Through the analysis of cell proliferation, cell cycle, cell apoptosis, and cell types, the authors found that cerebral cortical organoids containing ancient mutations are smaller because they contain more apoptotic cells, and the proliferation ability of cells is also certain.
Change.
Figure 2 Bright field diagrams of different genotypes of NOVA1 cortical organoids in the induction, proliferation and maturation stages.
Further, considering that NOVA1 is a splicing regulator, the authors performed RNA analysis in cortical organoids of different developmental stages and different genotypes.
Sequencing, hoping to detect changes in potential gene expression and alternative splicing. Compared with NOVA1Hu/Hu, most of the genetic changes in NOVA1Ar/Ar are related to cell development, cell proliferation, neural tissue and connections.
In addition, through the eCLIP (enhanced cross-linking and immunoprecipitation) technology [3], the authors explored the binding preference of NOVA1 in the mutant cortical organs of modern humans and ancient humans, and found that the two types of NOVA1 binding peaks have 2/ 3 is coincident, but NOVA1 in cortical organs with ancient mutants will be more inclined to bind in the short 3'UTR region.
In addition, since many genes with altered expression in the ancient mutant NOVA1 organoids are related to synapse formation and neural networks, the authors used electron microscopy to observe the synaptic ultrastructures of modern humans and ancient humans NOVA1 cortical organs.

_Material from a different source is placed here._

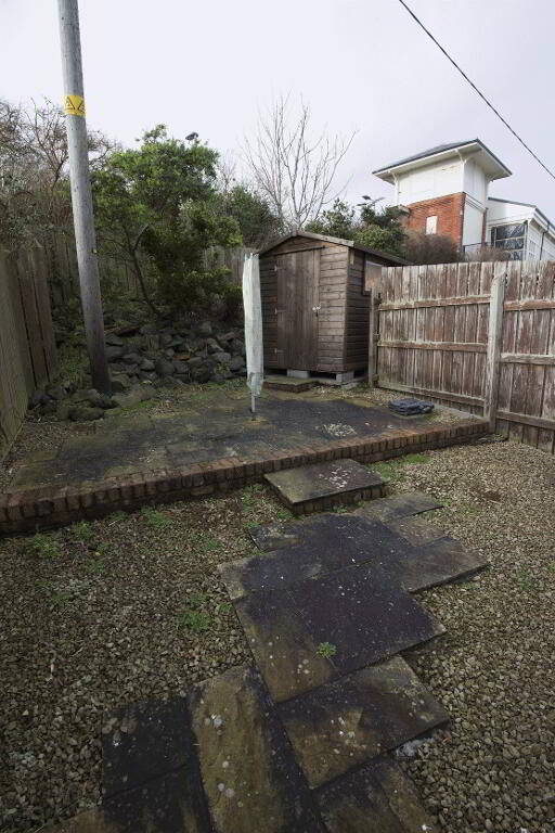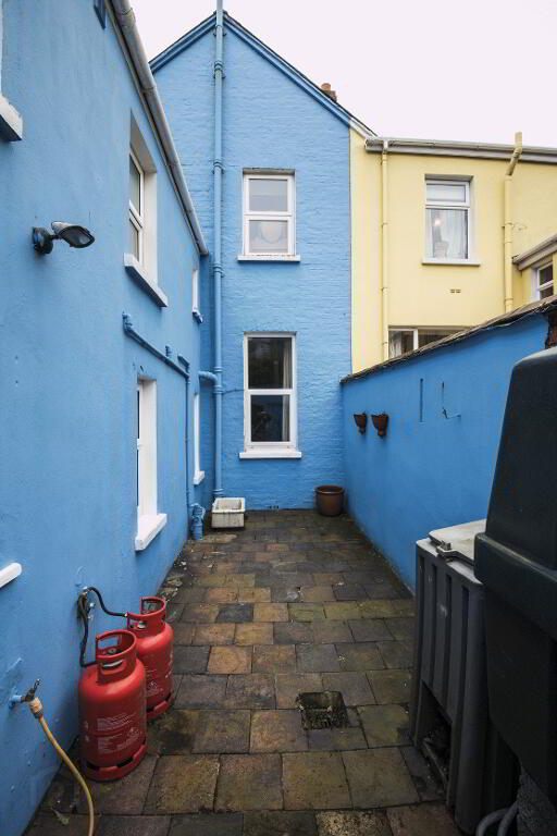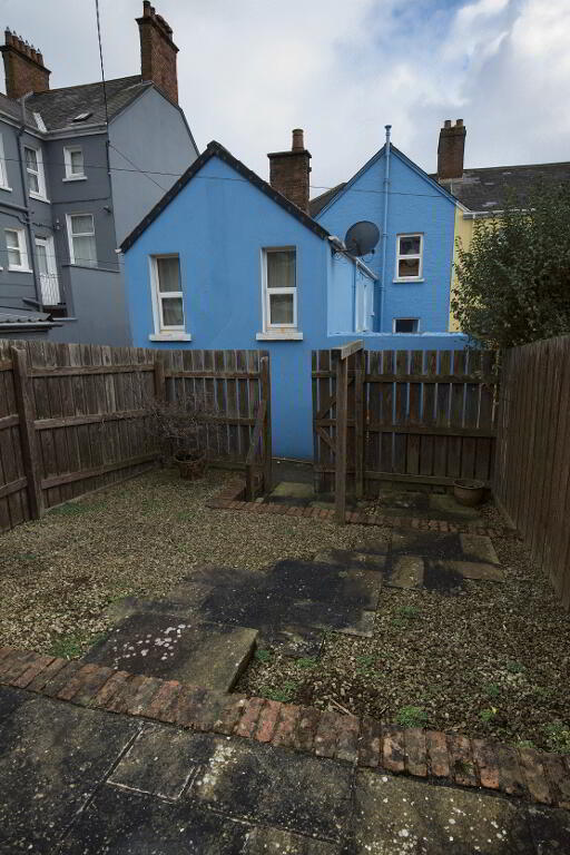 3). Rear garden area in stones and flagging enclosed by wooden fencing. Wooden garden shed. Outside light.

It was found that the number of synaptic vesicles in the ancient mutant cortical organoids was significantly reduced.
Further through the detection of synaptic-associated network proteins and electrophysiological properties, the authors found significant differences between the two organoids.

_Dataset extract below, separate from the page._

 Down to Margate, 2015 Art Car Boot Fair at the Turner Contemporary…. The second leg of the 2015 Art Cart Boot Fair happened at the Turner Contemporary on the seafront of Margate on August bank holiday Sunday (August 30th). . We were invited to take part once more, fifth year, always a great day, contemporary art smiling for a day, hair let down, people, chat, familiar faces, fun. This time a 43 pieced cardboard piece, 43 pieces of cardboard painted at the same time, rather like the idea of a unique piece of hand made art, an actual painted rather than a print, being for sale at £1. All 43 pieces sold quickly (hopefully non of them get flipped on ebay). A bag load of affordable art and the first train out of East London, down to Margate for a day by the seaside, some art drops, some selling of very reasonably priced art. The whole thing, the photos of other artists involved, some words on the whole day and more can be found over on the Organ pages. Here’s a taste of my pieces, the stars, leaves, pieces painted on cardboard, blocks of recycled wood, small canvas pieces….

Therefore, the results indicate that the expression of the ancient NOVA1 variant can cause changes in synaptic protein interaction network proteins, affect glutamatergic signals, trigger differences in neuronal connections, and neuronal electrophysiological heterogeneity.
Figure 3 Working model.
In general, this work has established cortical organoids with different variants of the NOVA1 gene in modern humans and ancient humans, and identified the key role of ancient variants of NOVA1 in the process of neurodevelopment.

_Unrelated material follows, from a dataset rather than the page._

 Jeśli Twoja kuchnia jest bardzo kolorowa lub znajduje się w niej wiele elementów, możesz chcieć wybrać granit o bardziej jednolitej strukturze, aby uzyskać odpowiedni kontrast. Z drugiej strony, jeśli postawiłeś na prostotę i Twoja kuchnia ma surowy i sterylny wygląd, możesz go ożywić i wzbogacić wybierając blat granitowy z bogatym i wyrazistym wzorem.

This may It is an important functional impact caused by the differences between modern humans and Neanderthals and Denisovans in the evolutionary process.
It is worth mentioning that in the discussion section at the end of the article, the authors state the limitations of this work.
First of all, the ancient mutant NOVA1 was genetically manipulated in specific, modern human induced pluripotent stem cells.
The difference in genetic background between modern humans and ancient humans may also be the cause of downstream genetic changes. Secondly, although the authors ruled out possible off-target effects caused by CRISPR-Cas9 through large-scale sequencing, it is still possible that some undetected and untargeted genetic variants may affect the activity of NOVA12.
But in general, the results of this work support the hypothesis that the ancient NOVA1Ar/Ar gene mutation changes the development of cortical organoids in the context of modern humans, and provides important evidence for the evolution of modern human neurodevelopment.
Original link: https://doi.
org/10.
1126/science.
aax2537 Platemaker: 11 References 1 Auton, A.
et al.
A global reference for human genetic variation.
Nature 526, 68-74, doi:10.
1038/ nature15393 (2015).
2 Mallick, S.
et al.
The Simons Genome Diversity Project: 300 genomes from 142 diverse populations.
Nature 538, 201-206, doi:10.
1038/nature18964 (2016).
3 Van Nostrand, EL et al.
Robust transcriptome-wide discovery of RNA-binding protein binding sites with enhanced CLIP (eCLIP).
Nature methods 13, 508-514, doi:10.
1038/nmeth.
3810 (2016).
Instructions for reprinting [Original Articles] BioArt original articles, individuals are welcome Reposting and sharing, reprinting without permission is prohibited, the copyright of all published works is owned by BioArt.
BioArt reserves all statutory rights and offenders must be investigated.